English punk rock band

Puncture were an early English punk rock group. Founded in the summer of 1976, this Islington, London based, four-piece combo consisted of Paul McCallum (guitar/vocals), Steve Counsel (bass/vocals), Jak Stafford (guitar/vocals) and "The Fabulous" Marty Truss (drums). Their influences ranged from early The Who, The Kinks, Small Faces, to Roxy Music, David Bowie, blues, rhythm and blues, and The Bonzo Dog Doo-Dah Band.

Their first major gig was in November 1976, at Fulham Town Hall in London a week after an early gig by The Clash. Various personnel changes ensued, with Jak Stafford leaving to join prominent punk band X-Ray Spex, as Jak Airport. A brief tenure with guitarist Eric Electroid (aka Kenny) saw them move on to pastures new, with the recruitment of band member Anthony Keen on synthesizer and keyboards.

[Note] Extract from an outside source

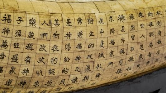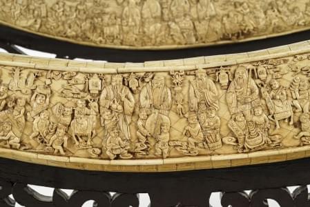 Plaques d'os sculptées à décor de personnages et dragons, L 150 cm

In October 1977 they released the single "Mucky Pup"/"Can't Rock & Roll (In a Council Flat)", the first release (Small One) for the Small Wonder Records label, based in Hoe Street, Walthamstow, London. 2,000 copies of the single sold out, prompting Small Wonder Records to press another 1,000 singles. "Mucky Pup" gained much airplay at various punk gigs throughout 1977, and the B-side, "Can't Rock & Roll (In a Council Flat)" was played on the BBC Radio 1 John Peel Show. They continued to play various gigs around London, notably at the punk club The Roxy in Covent Garden, supporting The Wasps and The Man in the Moon in Kings Road, Chelsea, supporting The Fruit Eating Bears. They continued gigging until January 1978, culminating in their farewell gig on 20 January 1978 at the Basement Club in Covent Garden, London.

In the 1980s, The Exploited covered Puncture's song "Mucky Pup" on their album Punks Not Dead.

Like so many other English punk singles of the time, original copies of the Puncture single now sell for up to £30.

"Mucky Pup" is available on the Small Wonder Vol. 1: Punk Singles Collection and on PUNK 45 Vol. 2. "Can't Rock N Roll (In A Council Flat)" is on Small Wonder Vol.2: Punk Singles Collection compilation albums.